Dr. Rob Dillon, Coordinator





Wednesday, December 10, 2025

Art, science, and public policy: A dialogue in three languages

I have a lot of friends and family who enjoy travel, and spend a substantial amount of time and money doing it, and imagine that their hobby returns some sort of profit to the intellect or character.  Isn’t travel broadening?  Don’t we learn from exposure to new lands, new cultures, new value systems, new ways of looking at the world?  Yes, of course.  But I found countless worldviews, cultures, and value systems trumpeted in the morning headlines at the end of my driveway this morning, ripe for engagement in the aisles of the grocery store across the street this afternoon.  No further travel is required.

As my loyal readership will attest, I have long been fascinated by the diversity of worldviews I encounter in my workday life, and the relationships between them.  The index item at the right of your screen labeled “Worldview Collision” will link to eight essays on the subject when I push the “submit” button on the present post.

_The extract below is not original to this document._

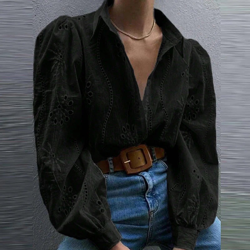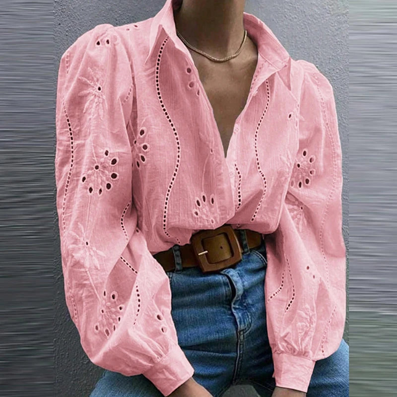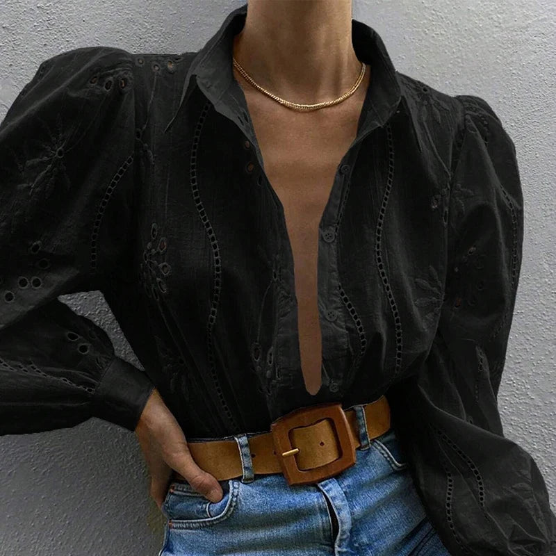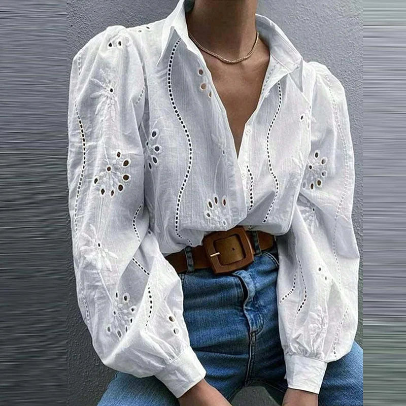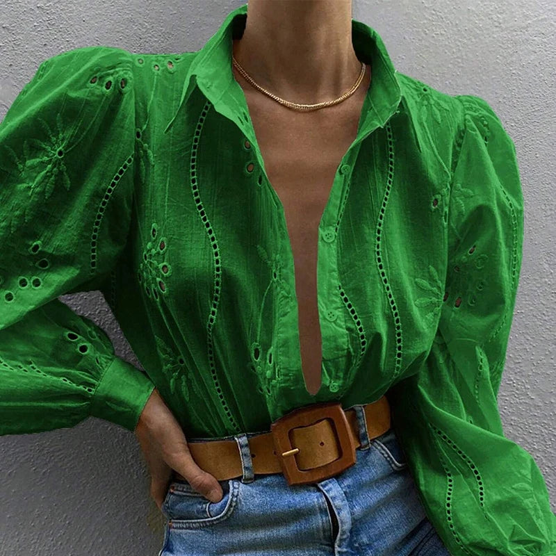MQTIME - Sexy Hollow Loose T Shirt New Women Turn-down Collar Single Breasted Office Shirt Elegant Embroidery Solid Color Long Sleeve Top

The majority of my seven previous essays have explored the relationship between the worldview of science and the worldview of law or public policy, among the most common of the culture clashes in my experience. To understand their proper relationship I have adapted an analogy I first developed about twenty years ago during the height of the most recent creation/evolution controversies between science and religious faith.  Scientists play baseball, lawmakers and regulatory agencies play banjo.  Those worldviews are not incompatible, in the sense that my father was both a banjo picker and a catcher.  But not compatible, either.  Nobody ever tries to integrate one with the other.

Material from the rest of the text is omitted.